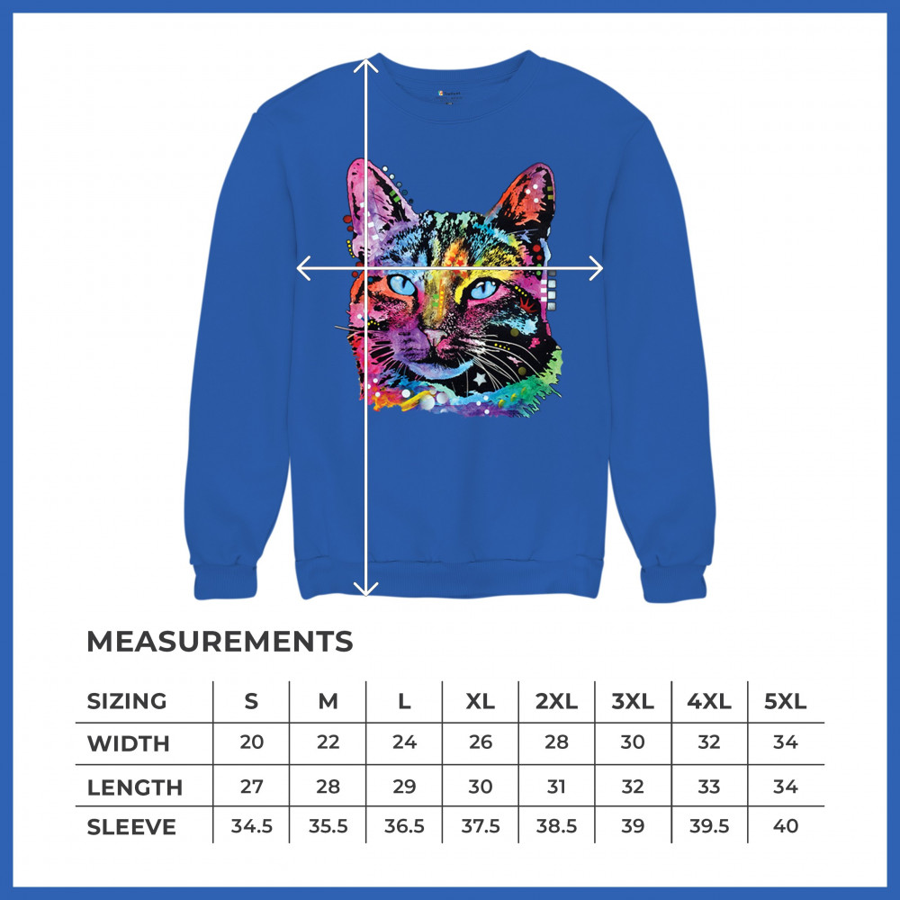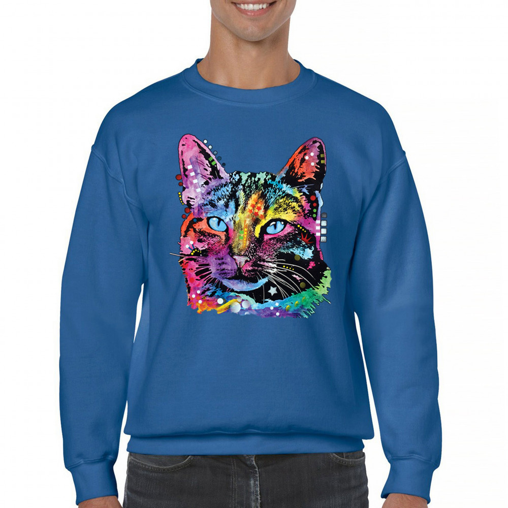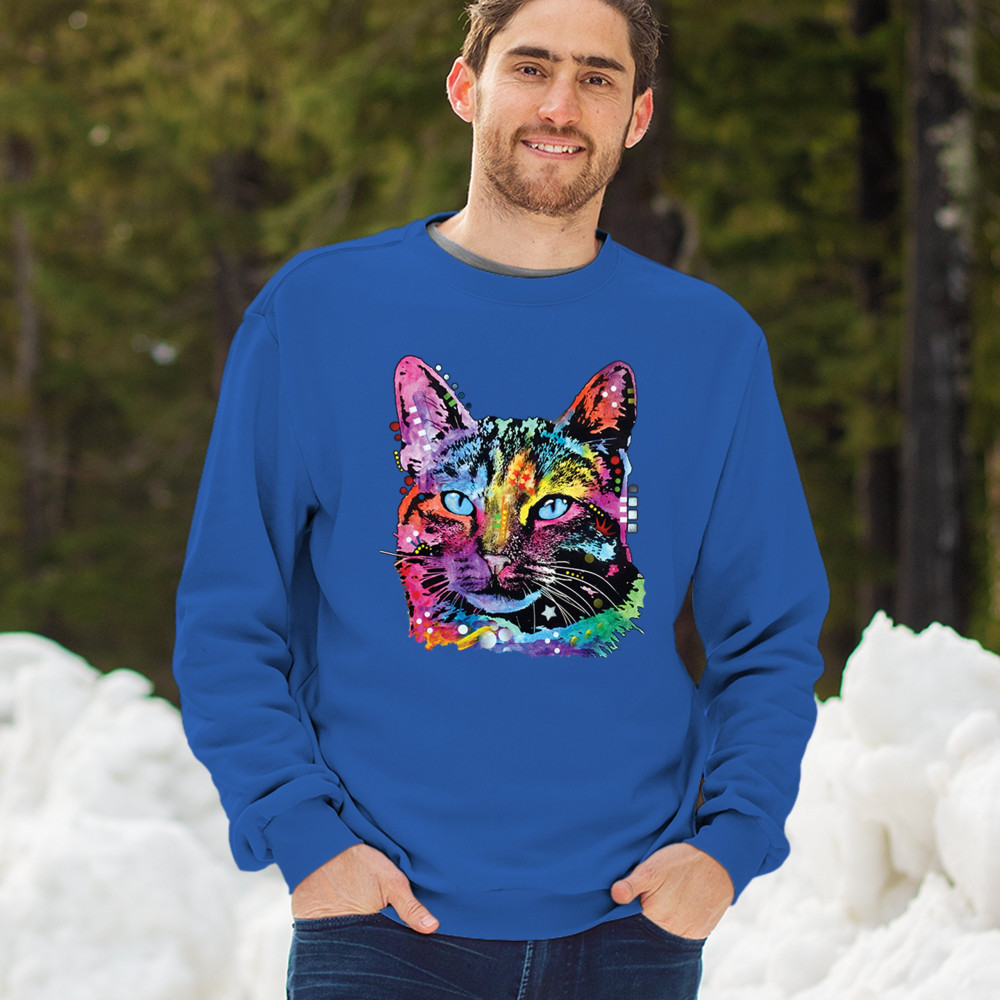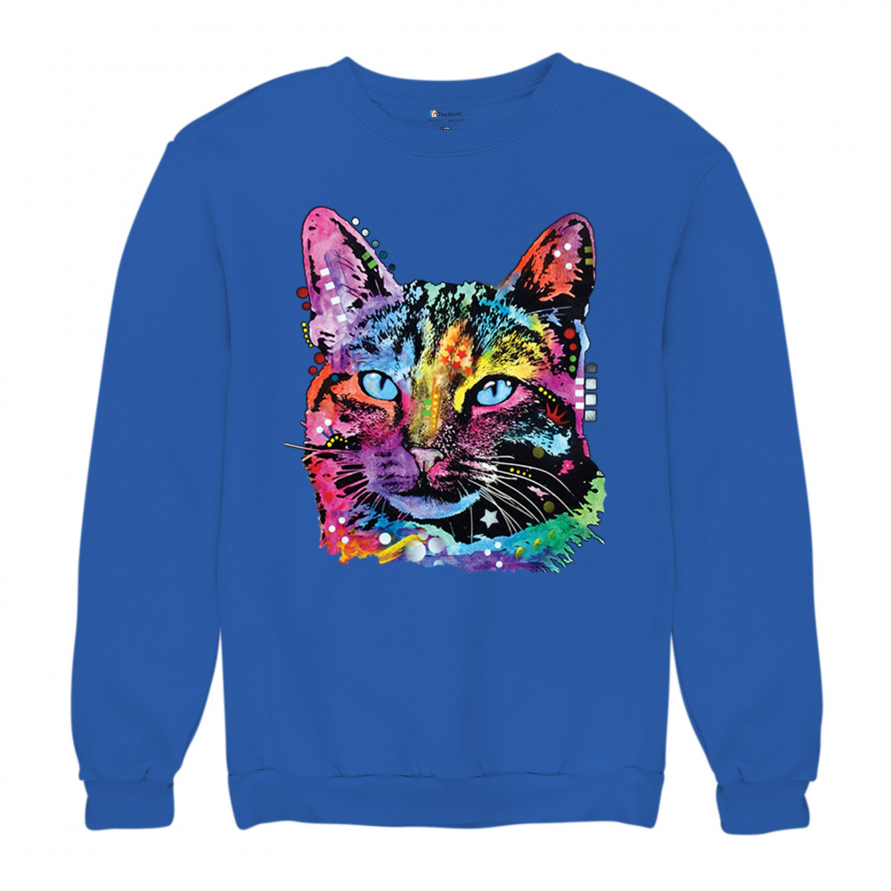 DEAN RUSSO THOUGHTFUL CAT sweatshirt colorful pet kitten eyes crewneck royal blue
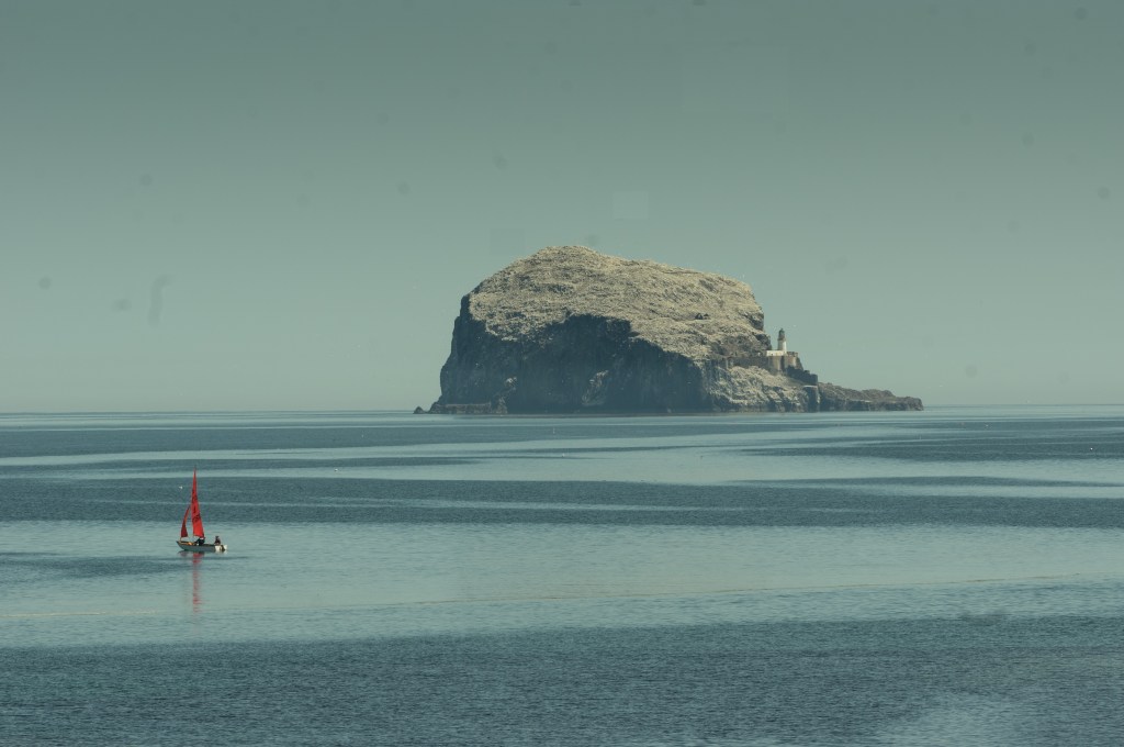 Backwoodsman has made not one but two visits to Bass Rock, “the world’s largest northern gannet colony”, recently. Both visits took place on trips organised through the Scottish Seabird Centre in North Berwick. We’ve been trying to get on one of these boats for a year or two; they are booked up well in advance and Faye made our bookings early in the new year. As the dates approached, we scrutinised weather forecasts, dreading the possibilities of gales and downpours. Neither arose; instead, we had two dry days, one grey and slightly gloomy and one blessed with brilliant light. The view of the rock through the window of the Scottish Seabird Centre on the much brighter day is at the top of the post. If you can scroll up on the image, you will see individual Gannets in the sky and sitting on the rock in the colony.
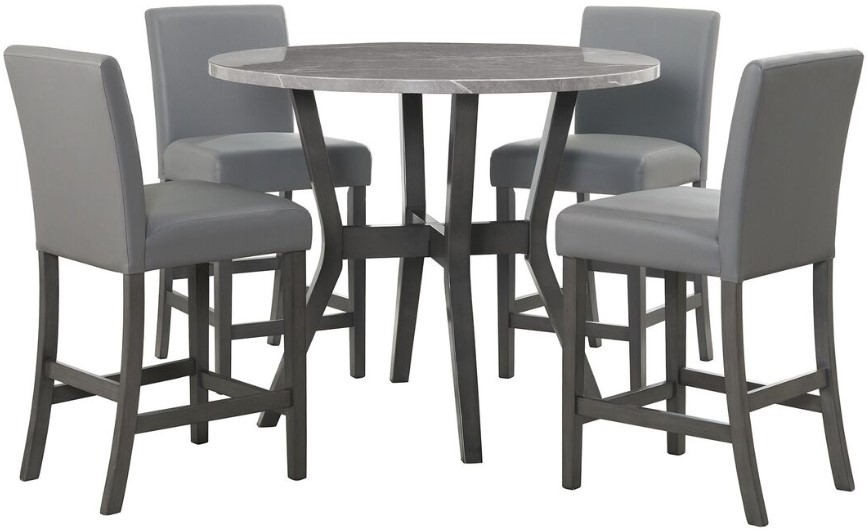 A beautiful counter dining set that brings a simple, elegant look to your dining area. It features a faux marble tabletop accenting its round shape that is perfect for smaller spaces. It comes with four smooth, upholstered counter chairs in a brushed grey PU fabric that will be a breeze to clean up.Read More
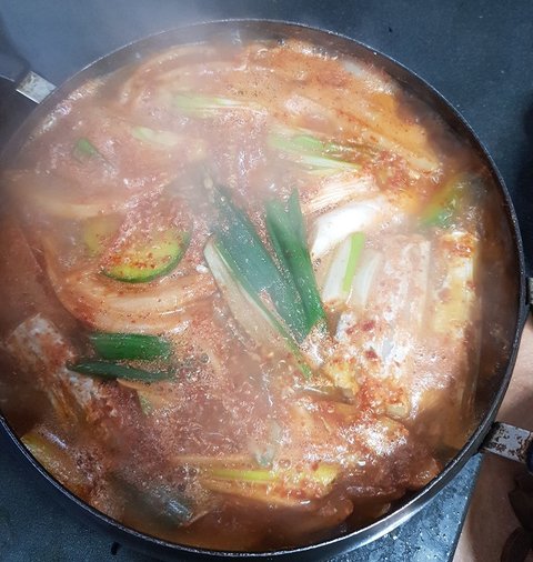 멸치랑 다시마 육수 우려내서 이렇게 보글보글 따뜻하게 아버지 저녁밥 챙겨드렸어요!
************
• **WORK REQUIRED**
Pictures do not belong in the copy; repeat the rest of the listing exactly.

• **SOLUTION**
 DEAN RUSSO THOUGHTFUL CAT sweatshirt colorful pet kitten eyes crewneck royal blue
 Backwoodsman has made not one but two visits to Bass Rock, “the world’s largest northern gannet colony”, recently. Both visits took place on trips organised through the Scottish Seabird Centre in North Berwick. We’ve been trying to get on one of these boats for a year or two; they are booked up well in advance and Faye made our bookings early in the new year. As the dates approached, we scrutinised weather forecasts, dreading the possibilities of gales and downpours. Neither arose; instead, we had two dry days, one grey and slightly gloomy and one blessed with brilliant light. The view of the rock through the window of the Scottish Seabird Centre on the much brighter day is at the top of the post. If you can scroll up on the image, you will see individual Gannets in the sky and sitting on the rock in the colony.
 A beautiful counter dining set that brings a simple, elegant look to your dining area. It features a faux marble tabletop accenting its round shape that is perfect for smaller spaces. It comes with four smooth, upholstered counter chairs in a brushed grey PU fabric that will be a breeze to clean up.Read More
 멸치랑 다시마 육수 우려내서 이렇게 보글보글 따뜻하게 아버지 저녁밥 챙겨드렸어요!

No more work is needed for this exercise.